Серый отошел от клетки с зубробизоном и высунулся в проход. В дверях стояла пожилая краснолицая женщина в ватнике и кирзовых сапогах. Сама женщина была большая, почти квадратная, а ноги тонкие и ровные как палочки. Даже коленки не выдавались.
– Возьму, возьму, теть Лиза, не шуми. Успею еще, – крикнул Серый.
– И то. Я гляжу – стоит да стоит… А чего это у тебя за экскурсия? Никак юннаты такие хлипкие пошли?
– Я не юннат, – выступил вперед мальчик. – Я – Изюмка.
Женщина показалась ему сердитой и, может быть, даже была начальницей. Чтобы не подводить Серого, Изюмка решил отрекомендоваться сам и в случае чего сообщить, что он больше не будет.
Но женщина вдруг расплылась в улыбке и пропела:
– Как, как ты выговорил-то? Изю-у-у-мка? Ах ты, голубчик мой! – стуча сапогами, она широко зашагала по коридору. Изюмка на всякий случай спрятался за Серого.
– Да не пугай ты его, теть Лиза! – досадливо улыбаясь, попросил Серый. – Пусть попривыкнет.
– Кто ж он тебе? – остановившись как по команде, спросила тетя Лиза.
– Да никто. Так. Сам пришел, – Серый смущенно поежился, словно в том, что мальчик не доводился ему никакой родней, было что-то неприличное.
– Ну ладно. Я побегла, – согласилась тетя Лиза, и совсем уже было собралась уходить, как вдруг спохватилась. – А у тебя есть чем покормить-то его, бобыль ты замшелый!
– Да есть, есть! – заторопился Серый. – Хлеб и печенье, и паштет еще…
– А я и вовсе сытый, – высунулся Изюмка. Теперь тетя Лиза вовсе не казалась ему сердитой.
– Ладно!
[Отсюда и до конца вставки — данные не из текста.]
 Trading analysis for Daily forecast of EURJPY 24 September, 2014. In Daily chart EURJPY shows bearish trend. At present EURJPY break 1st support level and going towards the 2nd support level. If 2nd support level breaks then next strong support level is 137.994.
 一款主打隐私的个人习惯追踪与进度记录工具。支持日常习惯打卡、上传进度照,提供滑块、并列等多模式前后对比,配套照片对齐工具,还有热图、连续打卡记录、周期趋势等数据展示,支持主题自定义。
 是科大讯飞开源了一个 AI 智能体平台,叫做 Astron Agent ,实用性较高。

Знаю я тебя! – женщина погрозила Серому разбухшим пальцем и ушла, громко топая сапогами.
– Кто она? – спросил Изюмка, когда шаги стихли.
– В кочегарке на слоновнике работает. Шумит много, но женщина сердешная, – сказал Серый и улыбнулся, вспомнив. – Всегда говорит: я старая, больная женщина, чего вы от меня хотите? А в ту зиму, слышь, снег у яков в клетку кидали, потом оттепель, кучу к утру схватило. Як Кешка на нее влез, да и вышел как по горке из клетки. Утром пришли девчонки на козлятник – глядь, Кешка у пруда гуляет. Они туда, сюда – никого нет. Тут тетка Лиза. И что ж ты думаешь? Берет, слышь, скамейку наперевес, вот эдак, и идет на Кешку. У скамейки ножки вот эдак торчат. Кешка глянул и обалдел, ясное дело. Супротив таких рогов не попрешь. Подумал Кешка, подумал, и ушел обратно в клетку по той же куче. Теть Лиза скамейку бросила, за сердце схватилась. Однако, пока девчонки кучу раскидывали, не ушла никуда, Кешку с хворостиной караулила… Вот так-то…
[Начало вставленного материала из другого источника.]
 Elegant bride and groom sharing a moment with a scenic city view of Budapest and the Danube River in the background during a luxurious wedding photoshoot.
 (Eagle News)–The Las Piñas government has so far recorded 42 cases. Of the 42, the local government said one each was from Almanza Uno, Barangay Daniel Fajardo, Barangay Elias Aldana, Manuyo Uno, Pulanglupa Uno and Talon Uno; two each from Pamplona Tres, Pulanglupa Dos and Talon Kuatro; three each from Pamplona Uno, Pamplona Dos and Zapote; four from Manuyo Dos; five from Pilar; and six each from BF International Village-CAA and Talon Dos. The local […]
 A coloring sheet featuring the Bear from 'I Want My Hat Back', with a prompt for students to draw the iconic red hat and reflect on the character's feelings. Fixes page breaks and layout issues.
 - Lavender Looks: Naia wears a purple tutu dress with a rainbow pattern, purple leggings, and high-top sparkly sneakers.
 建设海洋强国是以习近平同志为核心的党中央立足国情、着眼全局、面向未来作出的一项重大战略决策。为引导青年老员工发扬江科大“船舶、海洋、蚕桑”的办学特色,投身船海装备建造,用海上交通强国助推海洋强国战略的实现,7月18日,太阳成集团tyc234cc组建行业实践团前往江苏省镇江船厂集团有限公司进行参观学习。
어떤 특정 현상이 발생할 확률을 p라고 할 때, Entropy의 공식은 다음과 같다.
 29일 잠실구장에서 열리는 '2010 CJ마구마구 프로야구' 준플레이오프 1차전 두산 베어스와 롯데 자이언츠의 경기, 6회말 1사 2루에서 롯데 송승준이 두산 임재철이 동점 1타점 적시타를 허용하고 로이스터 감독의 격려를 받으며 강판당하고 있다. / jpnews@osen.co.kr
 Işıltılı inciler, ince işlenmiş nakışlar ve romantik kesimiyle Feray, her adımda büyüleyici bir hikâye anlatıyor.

– Здорово! – сказал Изюмка. – Значит, як скамейкины ножки за рога принял, да? Здорово смешно!.. Ладно, – добавил он немного погодя. – Я вам, дядь Серый, мешать не буду. Я к лошадям пойду… Как их там?..
– Куланы, – объяснил Серый.
– Ну да, куланы… А верхом на них ездют?
– Не знаю… – с сомнением протянул Серый. – Может, где и ездят… На этих вроде некому…
Изюмка ушел к куланьему вольеру, но быстро вернулся. Некоторое время внимательно наблюдал, как Серый убирает клетку яков, потом спросил:
– Может, вам пособить чего, дядь Серый?
Серый окинул взглядом щуплую изюмкину фигурку и рассмеялся:
– Чего ж ты мне пособишь? Разве что сена принеси. Вон, в кормушку положишь.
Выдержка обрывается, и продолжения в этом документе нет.